Niçin Yazmayı Denemiyorsun?

Yazmak, diye düşünüyordum, iradeden yoksun bir eylem olmalı. Söylenecek şey, derin okyanus akıntısı gibi kendiliğinden akıp çıkmalıdır yüze. Yani yaşamın biriktirdiği zehiri atmak için yazar insan. Masumluğunu yeniden elde etmeye çalışır, oysa (yazarak) yapmayı başarabildiği tek şey, dünyayı kendi yanılgısının virüsüne karşı aşılamaktır. Hiç kimse kağıt üstüne tek sözcük dökmezdi, inandığı şeyi yaşamaya cesareti olsaydı. Daha kaynağındayken sapıyor esini. Yaratmak istediği, bir gerçeklik, güzellik ve büyü dünyasıysa, niçin milyonlarca sözcük koyuyor bu dünyanın gerçeğiyle kendisi arasına? Öbür insanlar gibi üne, kuvvete ve başarıya kavuşmak için değilse, niçin erteliyor eyleme geçmeyi? «Kitaplar insanoğlunun ölmüş eylemleridir» demiş Balzac. Gene de, gerçeği görmüş olmasına karşılık, kendisini elde eden şeytana bile bile teslim etti meleği.

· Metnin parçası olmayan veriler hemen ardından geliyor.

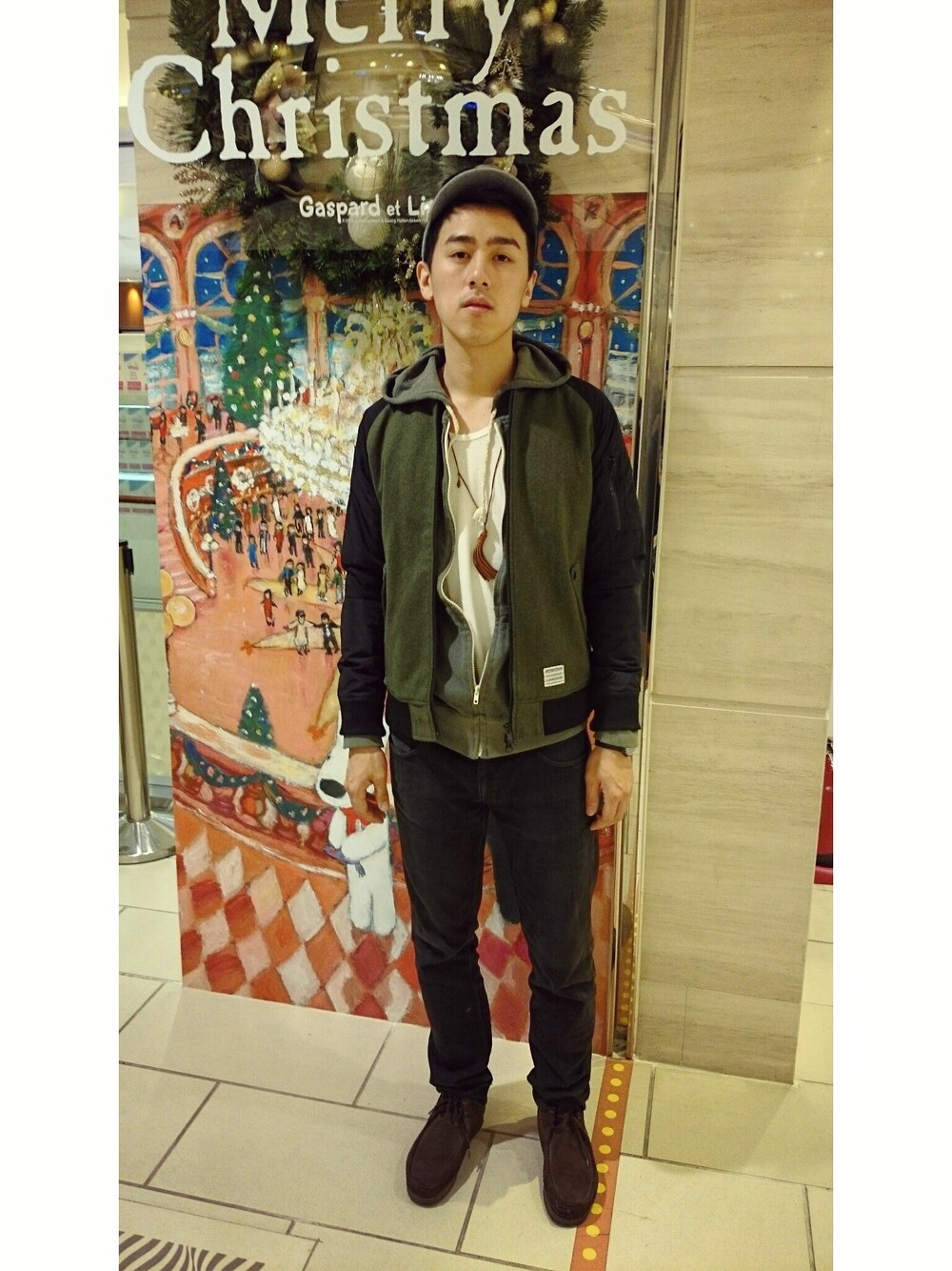 特殊帽子跟皮質項鍊增加重點! #背心SF #墨綠連帽外套no brand #拼接夾克海盜 #褲子hurley #帽子nike

Bir yazar da bir siyaset adamı ya da başka bir şarlatan kadar alçakça halkı kazanmaya uğraşır; nabza göre şerbet vererek, reçete yazan hekim gibi kendine bir yer kazanmaya, bir kuvvet olarak tanınmaya, bütün yaltaklıkları kabul etmeye bayılır, bin yıl arkadan gelse bile. Hemen kurulabilecek yeni bir dünya istemez, çünkü bunun hiçbir zaman işine gelmediğini bilir. Kendisinin, ipleri kendisinden çok öte güçler elinde olan taçsız bir kukla yöneticisi olacağı, mümkün olmayan bir dünya ister.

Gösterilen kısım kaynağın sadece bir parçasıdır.